Monday, January 3, 2011

For 2011? How about "thought-executing fires"

By Barry Johnson

Well, then, 2011. In yet another calendar year, we plant our flag and await the lightning bolt summoned by the hubris of it all. Because here at Arts Dispatch we recollect:
Blow, winds, and crack your cheeks! rage! blow!/ You cataracts and hurricanoes, spout/ Till you have drench’d our steeples, drown’d the cocks!/ You sulphurous and thought-executing fires, / Vaunt-couriers to oak-cleaving thunderbolts,/ Singe my white head!
Of course, at that point the Fool tells Lear: "... here's a night pities neither wise man nor fool." And advises him to go inside.  He knows that "thought-executing fires" bring an end to the play -- and the blog post -- before its time. So we'll take good advice and go inside and type a bit more.


The presumption at Arts Dispatch is that if you aren't interested in reading about art, you aren't reading the posts. And "reading about art" covers everything from news to commentary to utterly crazy speculation. Also, "criticism." (Sigh.)

Yesterday, the New York Times Book Review published a group of essays about the State of Criticism, specifically literary criticism, and we'll be considering it a some length later. For now, we'll just link you up, if you haven't seen it.


The presumption behind arts criticism is freedom of expression. That doesn't exist everywhere. (I suppose one could argue that it doesn't exist absolutely anywhere, but I'm not looking for a metaphysical rabbit hole here.) And one of the places it doesn't exist is Belarus, where the government has cracked down on a politically engaged theater company, the Belarus Free Theater.  Portland theater artists are gathering tonight at Portland Center Stage to express solidarity with their brothers in Belarus. They will read from Being Harold Pinter, "a piece that mixes transcribed statements by Belarusian political prisoners with writings by the award-winning playwright Pinter, who also was a friend and supporter of the troupe." The reading will take place at on the Mezzanine of Portland Center Stage, 128 NW Eleventh Avenue, on Monday, January 3, from 6-7:30 p.m. The event is free and open to the public.

We'd heard from Mr. Peter Ames Carlin himself that he was working on a story about Jay Cunningham, the Portland artist who flashed "star" potential in his quasi-allegorical, quasi-surreal, obsessively detailed paintings in the early '90s. And then disappeared. Carlin gets us up-to-date with Cunningham, who may be BACK this year, with his story in The Oregonian on Sunday. We are a little dubious that the reason he stopped working and exhibiting had only to do with a rampant perfectionism, as the article seemed to argue, because, you know, the chain of causality. What caused the perfectionism? What's really going on when you spend hours repainting individual blades of grass? But still, interesting story, and it will be good to have Cunningham art to puzzle over.

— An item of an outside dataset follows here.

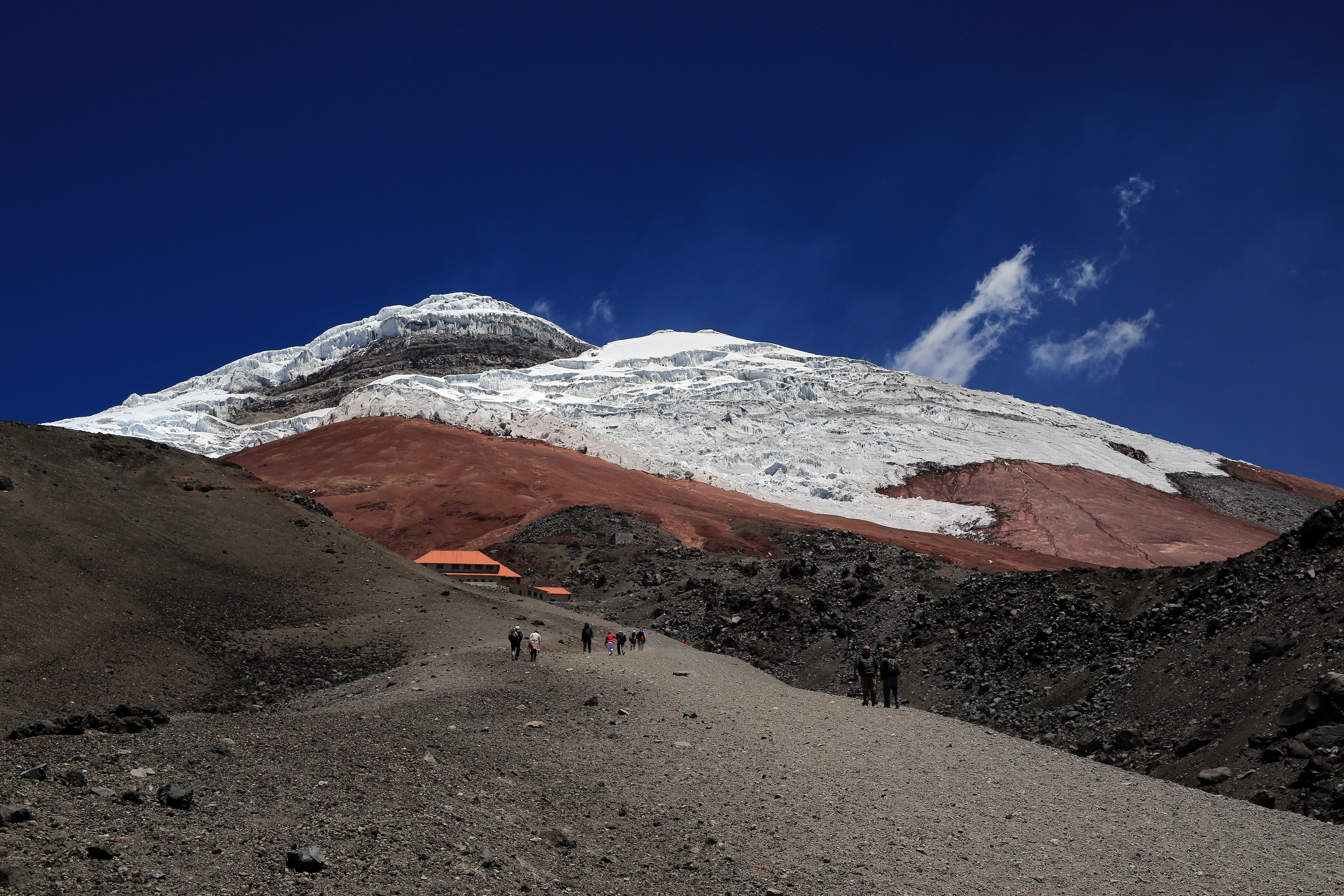 <Nach dem Frühstück verlassen Sie Quito und fahren in den Süden zum Cotopaxi-Nationalpark. Sie besuchen den Limpiopungo-See, der in den Hochlagen des Parks liegt. Hier haben Sie einen spektakulären Blick auf den riesigen Kegel des Cotopaxi-Vulkans. Der Limpiopungo-See bietet eine Vielzahl von Vögeln und gelegentlich sogar wilde Pferde. Ein kurzer Spaziergang rund um den See ermöglicht es Ihnen, die andine Pflanzen- und Tierwelt entlang des Weges zu bewundern. Wenn die Zeit es erlaubt und die Höhe Sie nicht beeinträchtigt, können Sie bis zum José-Rivas-Schutzhaus auf 4800 m wandern und den spektakulären Ausblick genießen.

Let's say that for purely psychological reasons, you have a hard time embracing the Western New Year celebration. Or maybe you resist it for political reasons because you reject the culture within which it occurs. (I know you're interested in art, but I have NO idea what your politics are!) Or maybe you were just sick or in transit on Dec. 31. What I'm getting at is that you haven't missed EVERYTHING. In fact, several New Year's celebrations await, and Anne Adams at Culturephile has collected them for you: Russian, Japanese and Chinese New Year's among them. So party well!